Input for this task: Begin
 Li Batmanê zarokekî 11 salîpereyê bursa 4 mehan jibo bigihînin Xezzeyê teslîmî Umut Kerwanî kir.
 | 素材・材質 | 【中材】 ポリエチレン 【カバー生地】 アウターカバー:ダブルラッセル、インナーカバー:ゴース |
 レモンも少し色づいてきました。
Input for this task: End
Input for this task: Begin
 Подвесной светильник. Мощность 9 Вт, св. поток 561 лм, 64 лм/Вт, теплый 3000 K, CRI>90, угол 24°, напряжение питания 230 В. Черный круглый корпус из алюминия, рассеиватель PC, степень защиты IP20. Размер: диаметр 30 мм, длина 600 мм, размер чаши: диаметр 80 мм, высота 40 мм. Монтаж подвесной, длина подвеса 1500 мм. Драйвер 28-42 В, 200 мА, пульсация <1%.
Input for this task: End
Write out only the lines that run from the line containing "Li Batmanê zarokekî" through the line containing "レモンも少し色づいてきました。", both included, exactly as they appear above.

**Answer below**
 Li Batmanê zarokekî 11 salîpereyê bursa 4 mehan jibo bigihînin Xezzeyê teslîmî Umut Kerwanî kir.
 | 素材・材質 | 【中材】 ポリエチレン 【カバー生地】 アウターカバー:ダブルラッセル、インナーカバー:ゴース |
 レモンも少し色づいてきました。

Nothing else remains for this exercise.